ACTIVITY:
Unless it is a picture, every line from the start of the entries through the line with "Great Britain. Elizabeth" must be retyped exactly.

Stored items from a collection:
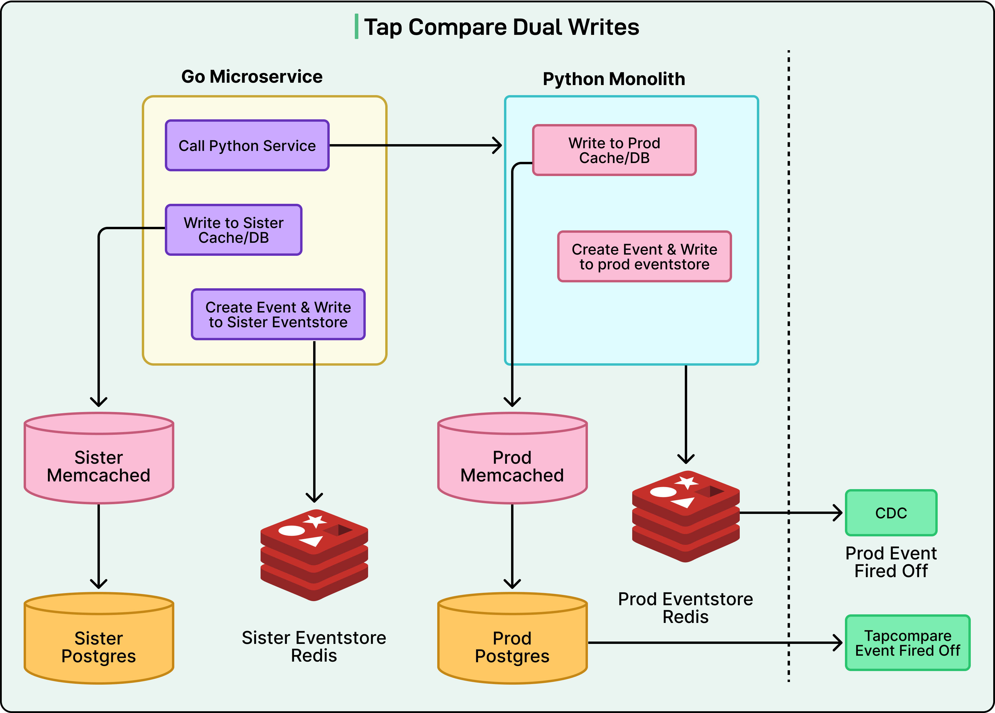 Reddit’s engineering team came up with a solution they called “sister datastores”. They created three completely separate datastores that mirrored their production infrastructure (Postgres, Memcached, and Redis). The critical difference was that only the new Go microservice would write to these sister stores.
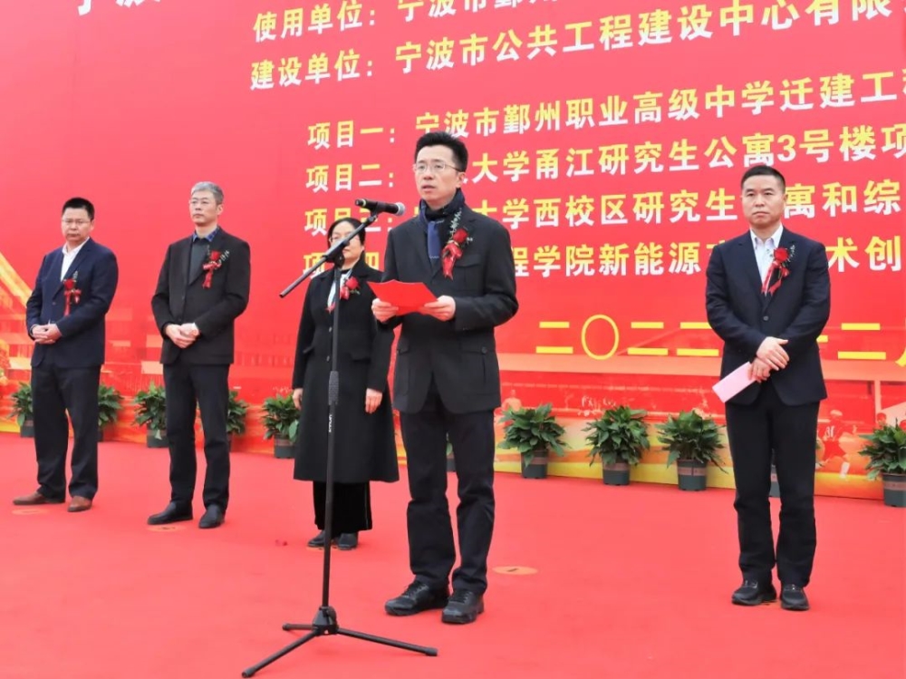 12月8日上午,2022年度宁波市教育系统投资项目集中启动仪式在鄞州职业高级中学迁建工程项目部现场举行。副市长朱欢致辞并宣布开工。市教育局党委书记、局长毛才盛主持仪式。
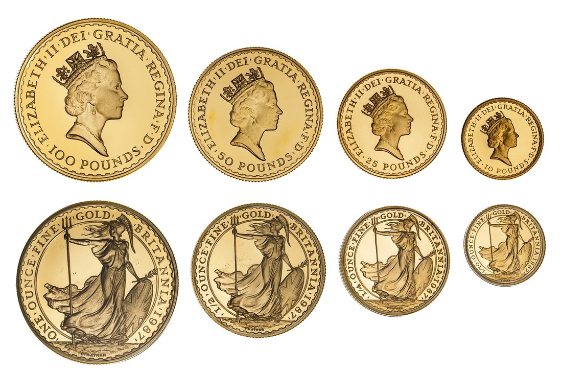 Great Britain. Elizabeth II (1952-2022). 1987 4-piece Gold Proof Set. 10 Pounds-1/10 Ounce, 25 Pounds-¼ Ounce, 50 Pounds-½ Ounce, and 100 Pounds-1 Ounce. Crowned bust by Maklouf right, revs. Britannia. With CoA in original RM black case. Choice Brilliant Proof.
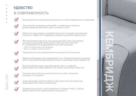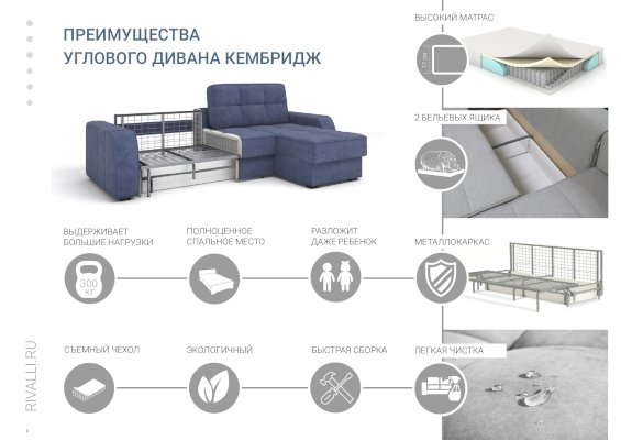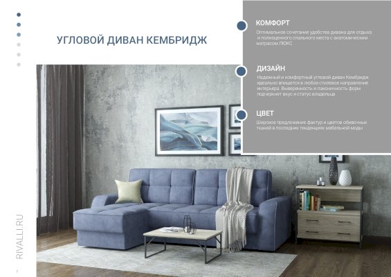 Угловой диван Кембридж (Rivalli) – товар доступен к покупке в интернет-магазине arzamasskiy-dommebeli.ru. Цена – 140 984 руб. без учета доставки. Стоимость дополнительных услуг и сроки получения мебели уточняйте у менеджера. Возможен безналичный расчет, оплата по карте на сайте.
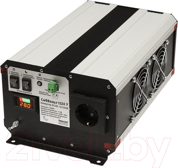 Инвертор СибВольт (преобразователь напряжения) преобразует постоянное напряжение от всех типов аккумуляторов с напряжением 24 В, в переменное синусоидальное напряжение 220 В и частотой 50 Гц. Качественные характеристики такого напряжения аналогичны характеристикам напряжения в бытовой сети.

RESPONSE AREA:
 Reddit’s engineering team came up with a solution they called “sister datastores”. They created three completely separate datastores that mirrored their production infrastructure (Postgres, Memcached, and Redis). The critical difference was that only the new Go microservice would write to these sister stores.
 12月8日上午,2022年度宁波市教育系统投资项目集中启动仪式在鄞州职业高级中学迁建工程项目部现场举行。副市长朱欢致辞并宣布开工。市教育局党委书记、局长毛才盛主持仪式。
 Great Britain. Elizabeth II (1952-2022). 1987 4-piece Gold Proof Set. 10 Pounds-1/10 Ounce, 25 Pounds-¼ Ounce, 50 Pounds-½ Ounce, and 100 Pounds-1 Ounce. Crowned bust by Maklouf right, revs. Britannia. With CoA in original RM black case. Choice Brilliant Proof.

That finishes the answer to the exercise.